Core Unit Chip Application, Institut für Humangenetik, University Hospital Jena, Jena, Germany.
J Histochem Cytochem. 2010 Oct;58(10):929-37. doi: 10.1369/jhc.2010.956656. Epub 2010 Jul 19.
Carcinoma tissue consists of not only tumor cells but also fibroblasts, endothelial cells or vascular structures, and inflammatory cells forming the supportive tumor stroma. Therefore, the spatial distribution of proteins that promote growth and proliferation in these complex functional units is of high interest. Matrix-assisted laser desorption/ionization imaging mass spectrometry is a newly developed technique that generates spatially resolved profiles of protein signals directly from thin tissue sections. Surface-enhanced laser desorption/ionization mass spectrometry (MS)combined with tissue microdissection allows analysis of defined parts of the tissue with a higher sensitivity and a broader mass range. Nevertheless, both MS-based techniques have a limited spatial resolution. IHC is a technique that allows a resolution down to the subcellular level. However, the detection and measurement of a specific protein expression level is possible only by semiquantitative methods. Moreover, prior knowledge about the identity of the proteins of interest is necessary. In this study, we combined all three techniques to gain highest spatial resolution, sensitivity, and quantitative information. We used frozen tissue from head and neck tumors and chose two exemplary proteins (HNP1-3 and S100A8) to highlight the advantages and disadvantages of each technique. It could be shown that the combination of these three techniques results in congruent but also synergetic data.
癌组织不仅包含肿瘤细胞,还包含成纤维细胞、内皮细胞或脉管结构以及炎性细胞,这些细胞共同构成了支持肿瘤生长的基质。因此,这些复杂的功能单元中促进生长和增殖的蛋白质的空间分布情况具有重要的研究意义。基质辅助激光解吸/电离成像质谱分析是一种新兴技术,可直接从组织薄片中获取蛋白质信号的空间分辨率图谱。
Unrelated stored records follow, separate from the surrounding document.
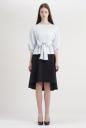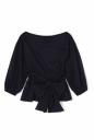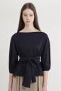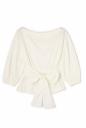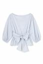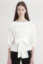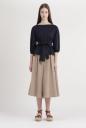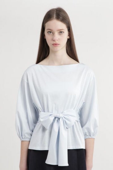 キレイめコットン生地で仕立てたブラウス見えのするカットソー。大きく開いた襟元でスッキリするので、トレンドのボリュームスリーブが映えます。共地リボンを大きく前で結んでポイントにしたり、後ろに結んでゴムのデザインディティールを見せたりアレンジ出来ます。パンツがお勧めですが、ミディ丈のスカートで甘さを足したスタイリングも楽しめます。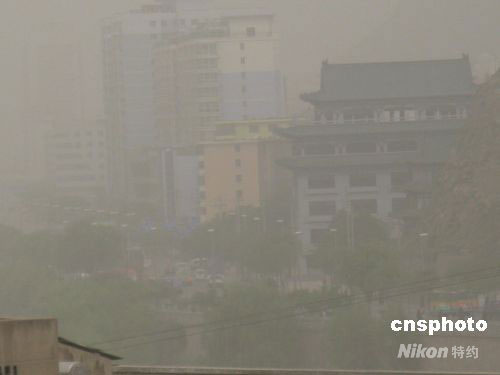 5月29日凌晨,蘭州發(fā)生沙塵暴,能見度不到200米,這是蘭州今年第4次發(fā)生沙塵暴。圖為蘭州金城關(guān)至龍園被灰蒙蒙的沙塵暴籠罩。中新社發(fā) 張玉璽 攝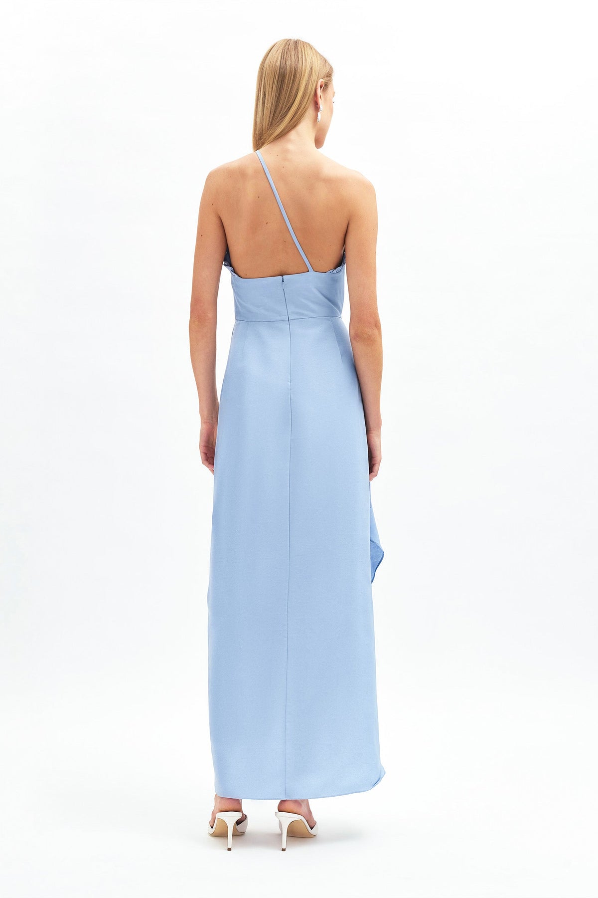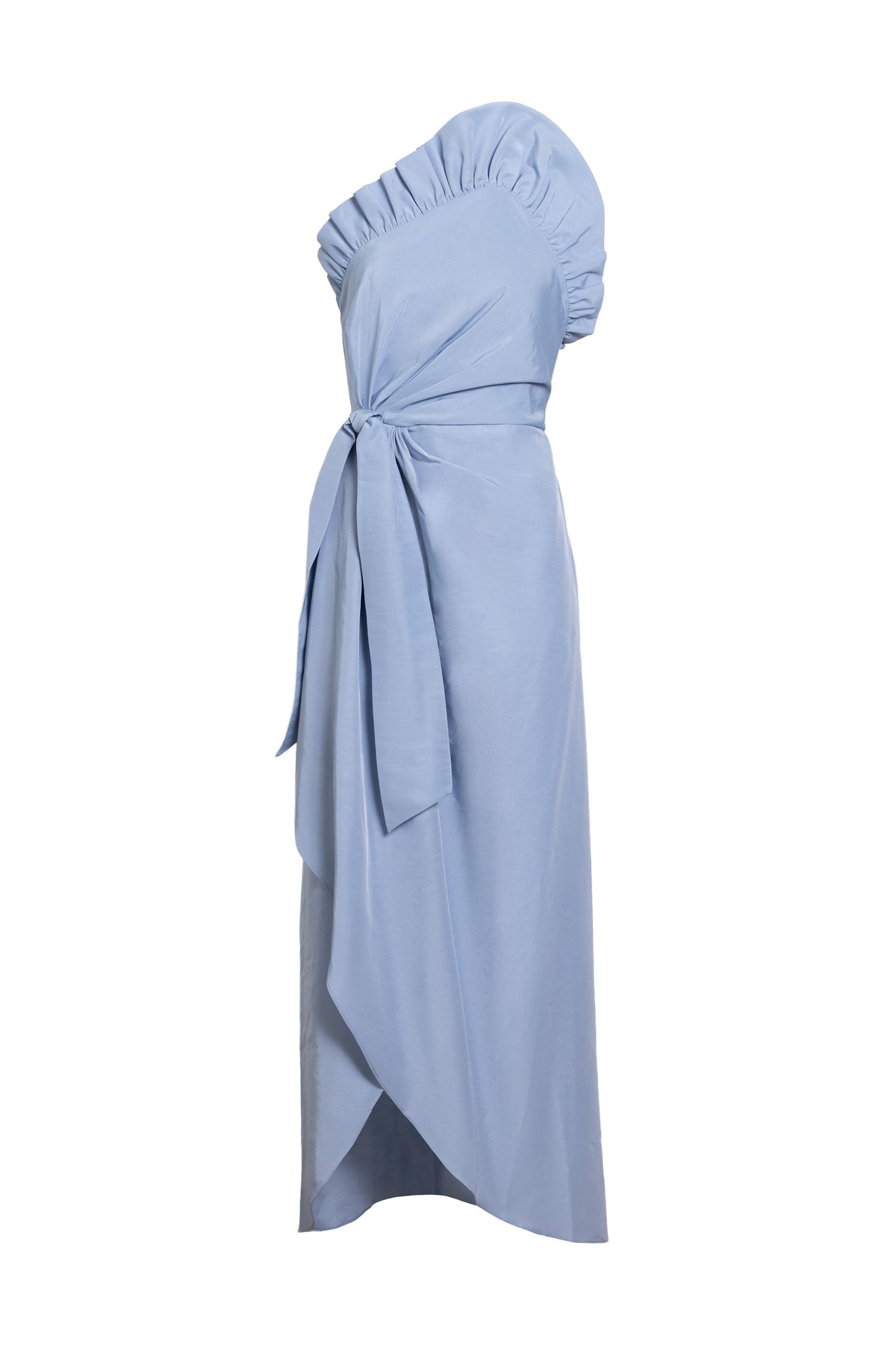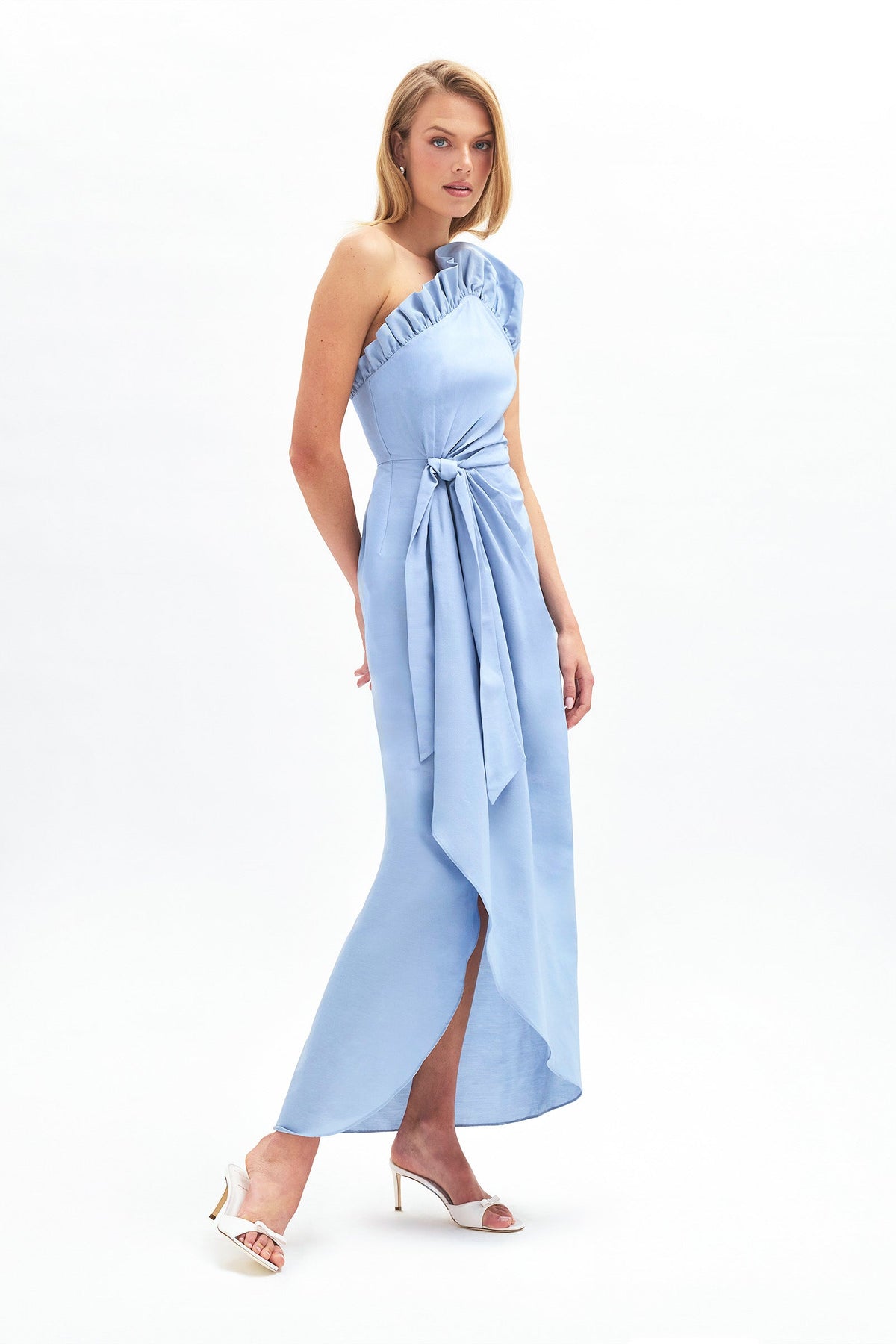 New for Spring, Charlotte arrives in a gown, sweeping the floor like she owns the invitation list and the guest list. The signature fanned neckline ruffle still frames the moment, while the wrap waist and tie hold her exactly where she wants to be — admired, but never caught. The asymmetrical line remains, but with extra drama, extra movement, extra story.

表面增强激光解吸/电离质谱(MS)与组织微切割相结合,可以对组织的特定区域进行分析,其具有更高的灵敏度和更宽的质量范围。然而,这两种基于 MS 的技术的空间分辨率均有限。免疫组织化学(IHC)是一种可以达到亚细胞分辨率的技术。但是,只能通过半定量方法来检测和测量特定蛋白质的表达水平。此外,还需要预先了解感兴趣的蛋白质的身份。在这项研究中,我们结合了这三种技术,以获得最高的空间分辨率、灵敏度和定量信息。我们使用来自头颈部肿瘤的冷冻组织,并选择了两种典型的蛋白质(HNP1-3 和 S100A8)来突出每种技术的优缺点。结果表明,这三种技术的结合可以产生一致且协同的数据。